55. In any event, “the Court cannot base itself on a purely grammatical interpretation of the text” (Anglo-Iranian Oil Co., I.C.J. Reports 1952, p. 104). A number of considerations of a substantive character point decisively to the conclusion that reservation (b) in fact contained two separate and autonomous reservations. One is that the making of reser­vations to the General Act was expressly authorized and regulated by Article 39, which allowed only the reservations “exhaustively enumerated” in paragraph 2 of the Article, namely:

“(a) Disputes arising out of facts prior to the accession either of the Party making the reservation or of any other Party with whom the said Party may have a dispute;

(b)         Disputes concerning questions which by international law are solely within the domestic jurisdiction of States;

(c)          Disputes concerning particular cases or clearly specified subject- matters, such as territorial status, or disputes falling within clearly defined categories.”
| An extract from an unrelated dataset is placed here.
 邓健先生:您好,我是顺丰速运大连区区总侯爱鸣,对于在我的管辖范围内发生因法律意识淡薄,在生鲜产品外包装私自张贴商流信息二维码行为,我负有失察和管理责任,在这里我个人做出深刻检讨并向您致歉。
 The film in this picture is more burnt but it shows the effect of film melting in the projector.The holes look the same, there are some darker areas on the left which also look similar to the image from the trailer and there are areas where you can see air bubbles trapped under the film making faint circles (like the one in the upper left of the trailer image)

When a multilateral treaty thus provides in advance for the making only of particular, designated categories of reservations, there is clearly a high probability, if not an actual presumption, that reservations made in terms used in the treaty are intended to relate to the corresponding categories in the treaty. Nor does the fact that the instrument of accession includes in a single paragraph two categories of disputes which are listed in the treaty as separate categories, by itself, in any way diminish that probability. When making reservations under the General Act, States have not, as a rule, meticulously followed the pattern of reservations set out in Article 39, paragraph 2; and they have not infrequently grouped together in one paragraph two or more reservations listed separately in the Act.

  1. In the present instance, the very structure of reservation (b) hardly seems consistent with an intention to make “disputes relating to the territorial status of Greece”, which are placed by the General Act in one category, merely an example of disputes concerning questions of domestic jurisdiction, which are placed by the Act in a quite different category. If that had been the intention at the time, it would have been natural for those who drafted Greece’s instrument of accession to put the words y compris (including) where the words et, notamment, (and in particular) in fact appear in reservation (b) and the words et, notamment, where the words y compris are now found. But that is not how reservation (b) was drafted.
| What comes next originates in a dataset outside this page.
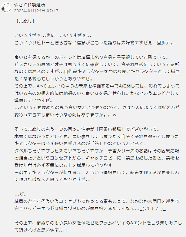 >>106077Feels like a bit of a pre ぶっちゃけ.

57.A further consideration is that Greece’s declaration accepting compulsory jurisdiction under the optional clause of the Statute of the Permanent Court contained a provision which, indisputably, was an autonomous reservation of “disputes relating to the territorial status of Greece”. That declaration, made on 12 September 1929, only two years before Greece’s accession to the General Act, was stated to be subject to two reservations:

“(a) disputes relating to the territorial status of Greece, including disputes relating to its rights of sovereignty over its ports and lines of communication; (b) disputes relating directly or indirectly to the application of trea­ties or conventions accepted by Greece and providing for another procedure”.

It can hardly be supposed that Greece should at the same time have intended to give a scope to its reservation of “disputes relating to the territorial status of Greece” which differed fundamentally from that given to it both in the General Act and in its declaration under the optional clause. That Greece should have had such an intention seems all the more improbable in that in 1934 and again in 1939 it renewed its declaration under the optional clause without modifying in any way the form of its reservation of “disputes relating to the territorial status of Greece”.
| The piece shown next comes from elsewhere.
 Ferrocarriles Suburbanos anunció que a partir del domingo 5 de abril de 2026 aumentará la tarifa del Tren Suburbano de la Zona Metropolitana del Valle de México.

  1. The Greek Government has suggested that an improvement in the political climate of the time enabled Greece to dispense with an autono­mous reservation of disputes relating to its territorial status, and to content itself with the integration of those disputes into its domestic jurisdiction reservation. But this would not explain why Greece should then have maintained an autonomous reservation of disputes relating to territorial status in its acceptance of the optional clause. Another difficulty is that accession to the General Act involved an even wider risk of claims than acceptance of the optional clause; for the pacific settlement procedures of the General Act are not limited to the judicial settlement of legal disputes. They also provide for conciliation with respect to disputes “of every kind”, and even for the possibility, under certain conditions, of arbitration of political disputes on the basis that the arbitrators may decide ex aequo et bono. It hardly seems likely, therefore, that Greece should have intended to have curtailed the protection given by its reservation of disputes relating to territorial status, when subjecting itself to the wider range of procedures contained in the Act.
  2. Equally unconvincing is a suggestion that, although the scope of the “territorial status” reservation was reduced by its incorporation in the reservation of questions of domestic jurisdiction, Greece thereby obtained a “reinforced barrage”, a “qualitatively enhanced protection” and a “dou­bly-bolted” door against the claims which it was particularly concerned to guard against. This suggestion takes no account of the legal implications of incorporating “disputes relating to territorial status” into a reservation of questions of “domestic jurisdiction”, as these had been explained by the Permanent Court in 1923 in its Advisory Opinion on the Nationality Decrees Issued in Tunis and Morocco (P.C.I.J., Series B, No. 4). The

Permanent Court there observed that the question whether a certain matter is or is not solely within the jurisdiction of a State is an essentially relative question and depends upon “the development of international relations”. It pointed out that a matter which is not, in principle, regulated by international law and is thus a matter within the State’s domestic jurisdiction, will cease to be such if the State has undertaken obligations towards other States with respect to that matter. Consequently, and in the light of historical circumstances now to be described, it is hardly conceiv­able that Greece intended to reduce the scope of its “territorial status” reservation by integrating it into its “domestic jurisdiction” reserva­tion.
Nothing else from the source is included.